The Fine Line Between Assistance and Dependence: The Impact of Task Difficulty and AI Explanation on User Overreliance
master thesis (2023)
Status | in progress |
Student | Felicitas Buchner |
Advisor | Tony Zhang |
Professor | Prof. Dr. Andreas Butz |
Period | 2023/03/10 - 2023/09/09 |
Task
A popular application for AI is to support human decision-making with AI-generated suggestions, often in high-stakes applications like medical diagnoses, loan approvals, or hiring decisions. The expectation is that AI can supplement humans to make better decisions, but that humans in return also notice when AI suggestions are inappropriate and override the AI in such a case. To help humans decide when to follow and when to override the AI, such decision support systems usually not only give AI-generated suggestions, but also explain the AI output to the decision-maker. However, an increasing number of empirical studies show that in many cases, humans tend to overrely on AI, following the AI suggestions even when they are inappropriate. Explanations appear to be ineffective in solving this and often even compound the issue. Clearly, this is highly problematic for high-stakes applications.

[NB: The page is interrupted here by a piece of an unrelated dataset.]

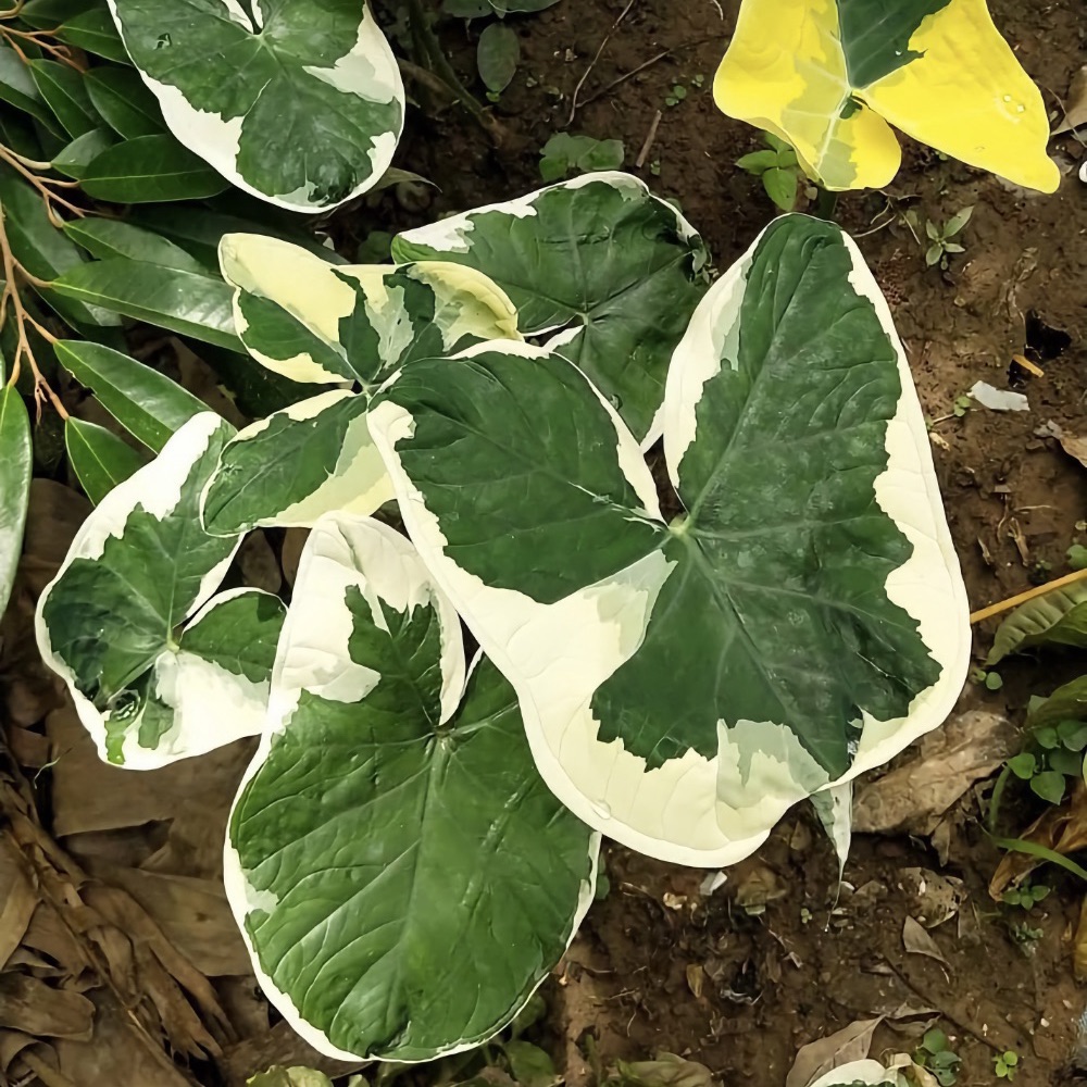 Экзотическое декоративное растение с крупными сердцевидными листьями, украшенными яркими белыми и золотистыми пятнами. Алоказия Микки Маус (по-тайски — «Золотой мешочек») ценится за уникальную окраску и символику богатства и удачи в доме.

But when does the overreliance effect occur? The effectiveness of AI-based decision support depends on a wide range of factors, many related to the specifics of the decision task. In this thesis, you will study the relationship between overreliance and task difficulty: Some decisions are easy for humans, others more difficult—is there a difference between easy and difficult decisions in how prone humans are to overreliance? Does the effect of explanations differ for easy and difficult decisions? To answer these questions, you will design and conduct a controlled experiment on the research platform LabintheWild.
This thesis topic is less heavy on technical implementation, but requires rigor in designing and conducting the experiment. Nevertheless, familiarity with machine learning is still a plus.
Suggested Reading:
- G. Bansal et al., “Does the whole exceed its parts? The effect of AI explanations on complementary team performance”, in Proceedings of the 2021 CHI Conference on Human Factors in Computing Systems, Yokohama, Japan, May 2021, p. 81:1-81:16. doi: 10.1145/3411764.3445717.
- P. Schmidt and F. Biessmann, “Calibrating human-AI collaboration: impact of risk, ambiguity and transparency on algorithmic bias”, in Machine Learning and Knowledge Extraction, Dublin, Ireland, Aug. 2020, pp. 431–449. doi: 10.1007/978-3-030-57321-8_24.